何が1990年以降の貿易量の増加をもたらしたのか

クルーグマンが、最近は貿易量の増大の話は旬ではなくなった――一つには貿易量がプラトーに達したため、もう一つにはトランプという喫緊の課題が出てきたため――と断りつつも、1990年から大不況前までの貿易量の増大をもたらしたメカニズムについて考察している

そこで彼は、輸送コストなどの障壁が、経済学者のいわゆる「有効保護率」と同じ働きをするのではないか、という考えを示している。


有効保護率という概念について彼は次のように説明している:輸入代替産業の保護を試みるある国が、自動車に関税を課すが自動車部品には関税を課さない場合、その国は事実上、自動車の組み立て産業を保護していることになる。
例えば自動車の関税率が20%であると同時に、価値にして輸入車の半分を占める部品は関税なしに輸入できるものとすると、自動車組み立て産業のコストが輸入先よりも40%割高だとしても、その産業は成立する。

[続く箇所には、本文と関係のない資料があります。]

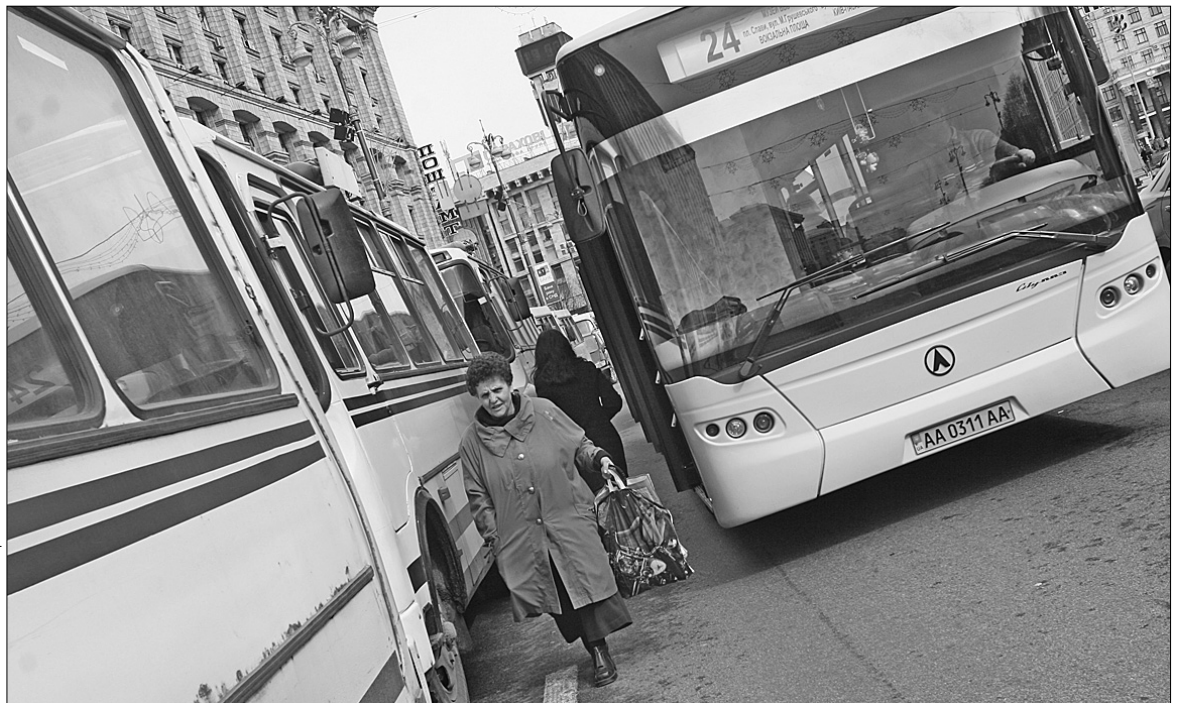
Попри страйк, киянам не доведеться платити більше за транспорт

"Хочу, щоб кияни зрозуміли, що розвал громадського транспорту стався за минулої влади, у якій не було ні грошей, ні сил, ні охоти навести лад у цій сфері. У нас же є і кошти, і воля, щоб забезпечити киян надійними, сучасними автобусами, тролейбусами й трамваями європейського рівня. З кондиціонерами і високим рівнем сервісу. І це одне з моїх пріоритетних завдань у роботі на благополуччя киян, — сказав Київський міський голова. — Поки що ж я приношу вибачен-

従って20%の名目関税率は40%の有効保護率となる。


輸入元の新興国の視点からこの話を展開すると、次のようになる:ある財の生産コストが先進国では100であるとする。うち50は中間投入財で、残りの50は組み立て費用である。新興国は投入財を生産できないが、輸入した投入財を組み立てることはできる。ただし、輸出入には10%の輸送費が掛かるものとする。
完成品の輸出だけを考えれば、新興国は100÷1.1≒91以下のコストでその財を生産できれば良い、ということになる。しかし輸入する投入財にも輸送費が掛かるので、そのコストは50×1.1=55となる。従って、先進国では50である組み立て費を、91ー55=36以下に抑える必要がある。つまり、10%の輸送費を克服するために、組み立て費を28%安くしなければならないことになる。


だが、一方でこのことは、輸送費のわずかな低下も、新興国が保持すべき生産コストの相対的な安さを大きく減らすため、生産立地に大きな影響をもたらすことを示している。しかもそれは貿易量にさらなる大きな影響をもたらす。というのは、完成品だけでなく中間財の輸送も増加するからである。こうして、数多くの「バリューチェーン」取引が成立する。


1990年代に起きたのはこういったことではないか、とクルーグマンは言う。即ちコンテナ化と発展途上国の貿易の自由化により、貿易が増えた、ということである。だがそれはますます一回きりの出来事であったように見える、ともクルーグマンは述べている*1

*1:ここここで紹介したように、この結論はクルーグマンのかねてからの持論。